Tenemos al joven Alberto Garzón  (Logroño, 1985) de bolos por las Españas explicando que prefiere ser comunista a ser de izquierdas y que ello no es contradictorio con fardar de aifón último modelo sino más bien apurar las contradicciones del sistema. Tenemos a mi altocargo comiéndome la oreja con que la cacofonía del titular no es admisible para una trayectoria (la mía) con máster cum laude. Que podía haber sido “Garzón, comunista con iphone”  o “Garzón y su iphone”, lenguaje más directo y limpio y no esta sonoridad espantosa que araña el oído. Pero el cuerpo me pide un poquito de on.

Va repitiendo Garzón sin empacho que Carrillo fue un moderado, que se domesticó con la memez del eurocomunismo, se plegó a las exigencias del guión de la pantomima de la transición (on)  y que fue esa y no otra la causa de la causa del mal causado al comunismo español y su penoso caminar de derrota en derrota por el campo electoral. Sostiene el joven Garzón que aquella contradicción terminal (comunismo& moderación) hizo añicos las aspiraciones de la clase obrera, alfombrando al capitalismo más atroz.

Lleva una sus trienios preguntándose por la razón última de la injusticia social, de la galopante desigualdad, de los desahucios dramáticos, del hedor insoportable de la corrupción y no se me había ocurrido ni por asomo que Santiago Carrillo fuera el culpable original por su blandenguería doctrinal. Más bien, como soy facilona (menos cachondeo) y llevadera, creía yo que Santiago Carrillo había contribuido con gran sentido histórico a la consolidación de la tambaleante democracia y ya sin peluca a desmarcarse del paraíso de la Unión Soviética y sus playas de arena blanca donde están enterrados los cadáveres y los sueños de millones y millones y millones de seres humanos.

Sólo es cuestión de imaginar  al valeroso joven Garzón en los años del estertor de la dictadura, con la policía política, con el terrorismo etarra, de los Gal y de la extrema derecha, defendiendo sin mariconadas los principios innegociables del comunismo que en ningún caso se dejaría comprar por el plato de lentejas de la legalización, frente al entreguismo carrillista con Suárez y el Rey.  

Qué pena que ese coraje y esa disposición férrea para sostener con todas las armas (supongo que habla en serio el muchacho) a su alcance la pureza comunista se verifique cuarenta años más tarde y no pueda viajar en el tiempo y contrastar su heroica determinación con las cárceles y los carniceros torturadores de la represión franquista.

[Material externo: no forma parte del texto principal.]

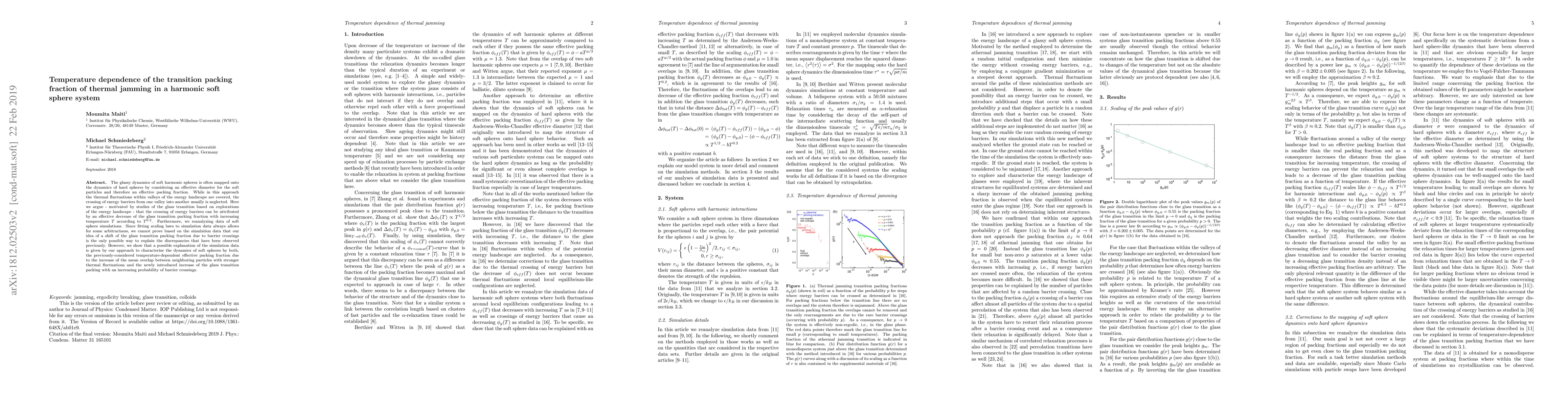 This paper investigates the temperature dependence of the transition packing fraction in soft harmonic spheres, proposing that thermal fluctuations lead to an effective decrease in the glass transition packing fraction as T^0.2. The authors suggest that barrier crossings between energy valleys contribute to this shift, providing a new perspective on the dynamics of soft spheres.

Enorme y seco valor el de este hipster de 31 añitos criado en libertad con leche de cereales y yogurines y bollicaos y  Espinete y don Pimpón, que ha tenido la mala suerte de nacer demasiado tarde y sufrir en carne viva el espanto de esta  democracia capitalista.

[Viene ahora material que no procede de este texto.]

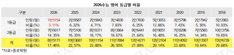 ³í¶õÀÎ ¿µ¾îÀÇ °æ¿ì ¿ª´ë±ÞÀ¸·Î ¾î·Æ°Ô ÃâÁ¦µÇ¸ç Àý´ëÆò°¡ÀÓ¿¡µµ »ó´çÇÑ ¿µÇâ·ÂÀ» Çà»çÇÒ °ÍÀ¸·Î º¸ÀδÙ. ¿ÃÇØ ¿µ¾î 1µî±Þ ºñÀ²Àº 3.11%(1¸¸5154¸í)À¸·Î Áö³ÇØ 6.22%(2¸¸8587¸í)ÀÇ Àý¹Ý °¡±îÀÌ °¨¼ÒÇß´Ù. ÀÌ´Â 2018Çг⠿µ¾î Àý´ëÆò°¡ »Ó ¾Æ´Ï¶ó 1994Çг⠼ö´É µµÀÔ ÀÌÈÄ 1µî±Þ ºñÀ²·Î´Â ¿ª´ë ÃÖÀúÄ¡´Ù. Á¾·ÎÇпøÀÇ ºÐ¼®¿¡ µû¸£¸é, Àý´ëÆò°¡ ÀÌÈÄ ¿µ¾î 1µî±Þ ºñÀ²Àº 2018Çгâ 10.03%, 2019Çгâ 5.30%, 2020Çгâ 7.43%, 2021Çг⵵ 12.66%, 2022Çгâ 6.25%, 2023Çгâ 7.83%, 2024Çгâ 4.71%, 2025Çгâ 6.22%À¸·Î ÃÖÀú 4%´ë¿¡¼ ÃÖ°í 12%´ë¸¦ ±â·ÏÇßÁö¸¸ ¿ÃÇØ óÀ½À¸·Î 3%´ë¸¦ ±â·ÏÇÑ ¼ÀÀÌ´Ù. ƯÈ÷ Àý´ëÆò°¡ °ú¸ñÀÓ¿¡µµ ºÒ±¸Çϰí ü°¨ ³À̵µ°¡ Å©°Ô ³ô¾ÆÁö¸é¼ Á¤½ÃÁö¿ø ½Ã ½ÇÁúÀû ¿µÇâ·ÂÀÌ Ä¿Áú °ÍÀ¸·Î º¸ÀδÙ. ÀÓ¼ºÈ£ Á¾·ÎÇпø ´ëÇ¥´Â ¡°¼ö´É ¸ðµç ¿µ¿ª¿¡¼ »ç»ó ÃÖ°í ºÒ¼ö´ÉÀ¸·Î Æò°¡µÇ´Â ¿µ¾î°¡ ¼ö½Ã/Á¤½Ã ¸ðµÎ ÇÙ½É º¯¼ö·Î ºÎ»óµÈ »óȲÀÌ´Ù. ƯÈ÷ ÇÑ ¹øµµ °æÇèÇØº¸Áö ¸øÇÑ ÀԽûóȲÀ̹ǷΠ¿¹ÃøºÒ°¡´É¼ºÀÌ Ä¿Á³´Ù¡±°í ¼³¸íÇß´Ù.

Iba a recomendarle al joven Garzón la lectura de la autobiografía de Koestler o las memorias de György Faludy, más canallas, pero se me antoja que podrían provocar cierto principio de contradicción en sus convicciones firmemente comunistas y anticarrillistas y no seré yo quien le quite la ilusión. Al respecto mi altocargo sostiene tres:

Uno.- Que ha encontrado (Garzón) en Carrillo, el pobre, la expiación de su propia cacofonía política y del pavoroso proceso de absorción y ninguneo de Izquierda Unida por el populismo podemita.  

Dos.- Que el muchacho posturea  con este radicalismo de boutique con aifón, de la misma manera que hace nostalgia de un republicanismo gaseoso y algo heidi que el comunismo español nunca asumió. Debería saber (Garzón)  que a los comunistas (como a los socialistas de entonces) les traía al fresco la República burguesa y que su “lucha final” no era otra que la instauración feliz de la dictadura del proletariado, como no podía ser de otra manera.

Tres y sobre todo.- Coño, Cristina, me dice en su tono mandón, trazamos el camino y lo recorreremos juntos hasta el infinito y más allá, pero no hurgues en las contradicciones del personal que luego te apedrean sin piedad en el gallinero de las redes sociales.

Vale, lo que tú quieras moderado carrillista, le espeto de tacón, pero que conste que ya en la facultad andábamos por los pasillos canturreando “policía para qué si tenemos al pece”.

Dice mi altocargo que como cabezona y como pibón, no tengo parangón.